▶ [What needs to be done] Identify the line with "Continuous global warming"; copy word for word that line and every one after it, to the end of the listing. Exclude pictures.
*** Begin section ***
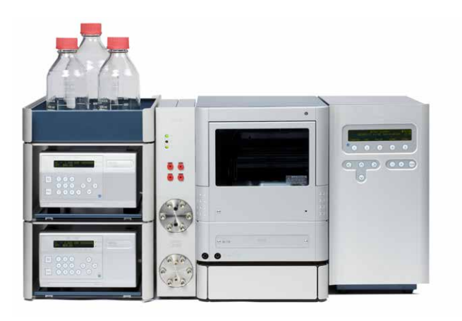
Figure 1: ALEXYS Kanamycin and Amikacin analyzer

The United States Pharmacopeia (USP) has two monographs describing the analysis of both Kanamycin [5] and Amikacin [6] using LC-PAD. The ALEXYS Kanamycin and Amikacin analyzer is a dedicated LC solution for the analysis of both antibiotics which matches the USP requirements for peak resolution, tailing and reproducibility. In this note typical results obtained with the analyzer are shown to demonstrate its performance.
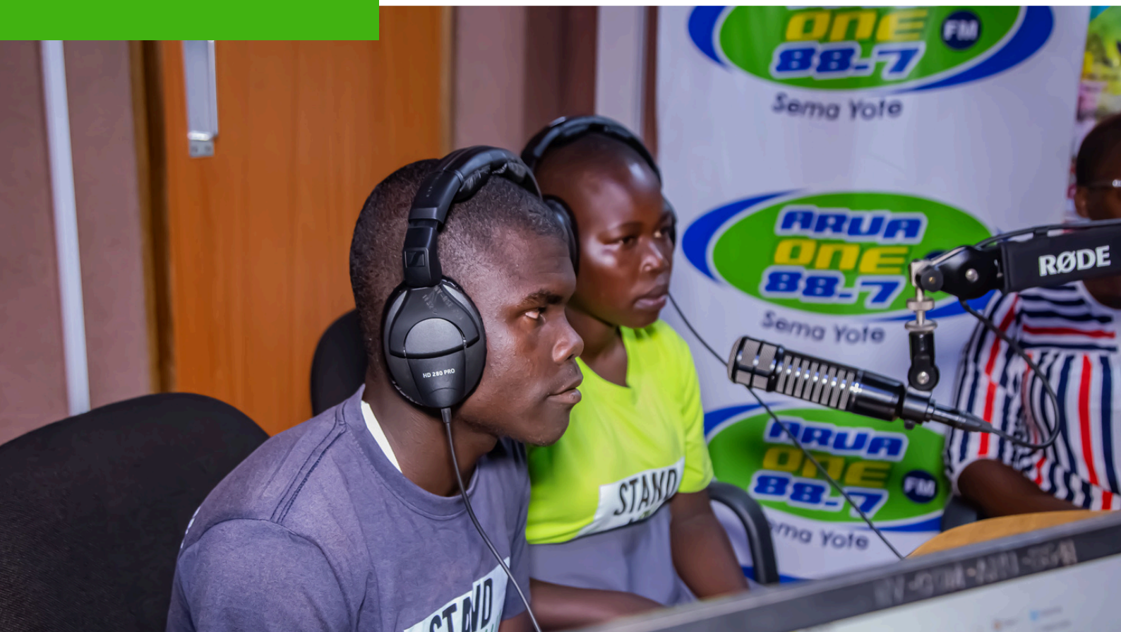
Peer educators of St. Michael Odramacaku live on Arua One FM, discussing the impact of the Stand Up project on their school and community

The shows were hosted in English, Alur and Lugbara, and featured young people that serve as peer educators in the Femme Forte Health Club at school and also community leaders whose work focuses mainly on SGBV prevention and SRHR promotion.
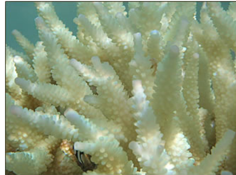
An image of coral that has lost its color due to coral bleaching.

Continuous global warming is ultimately going to lead to much devastation on Earth. When it comes to plants and animals, their survival will not be easy. Their natural habitats will change, making it hard for them to adapt. Not only will plants and animals on land suffer consequences, but those plants and animals of the oceans will
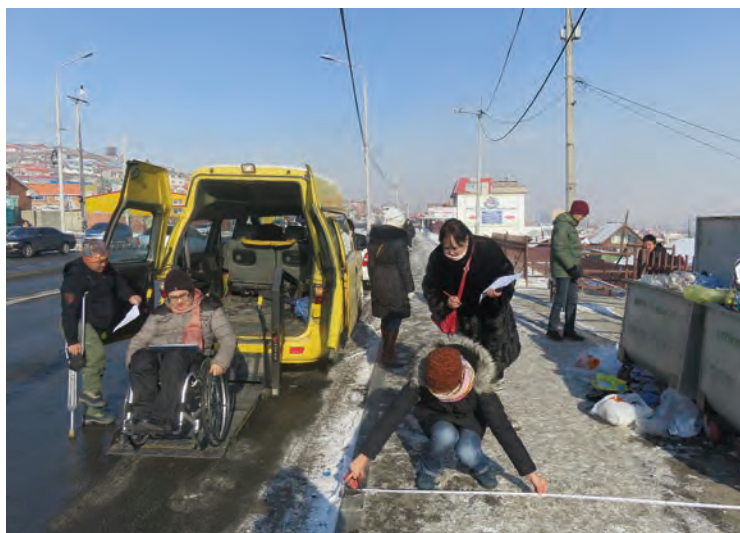
A group of persons with disabilities measures the road width to check its accessibility
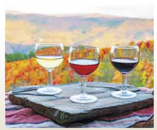
Port wine tasting

Discovery: Lamego . Pretty Lamego is nestled in the heart of the port-producing Douro Valley. Visit Nossa Senhora dos Remédios, a splendid baroque church overlooking the city. Leading to the church is a grand staircase with 686 steps, nine landings, statues, obelisks and azulejos , Portugal's iconic blue-and-white tiles. Spend your final afternoon sailing the Douro Valley as the ship nears Porto.
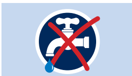
No water required
*** End section ***
▶ [Exercise output]
Continuous global warming is ultimately going to lead to much devastation on Earth. When it comes to plants and animals, their survival will not be easy. Their natural habitats will change, making it hard for them to adapt. Not only will plants and animals on land suffer consequences, but those plants and animals of the oceans will
A group of persons with disabilities measures the road width to check its accessibility
Port wine tasting

Discovery: Lamego . Pretty Lamego is nestled in the heart of the port-producing Douro Valley. Visit Nossa Senhora dos Remédios, a splendid baroque church overlooking the city. Leading to the church is a grand staircase with 686 steps, nine landings, statues, obelisks and azulejos , Portugal's iconic blue-and-white tiles. Spend your final afternoon sailing the Douro Valley as the ship nears Porto.
No water required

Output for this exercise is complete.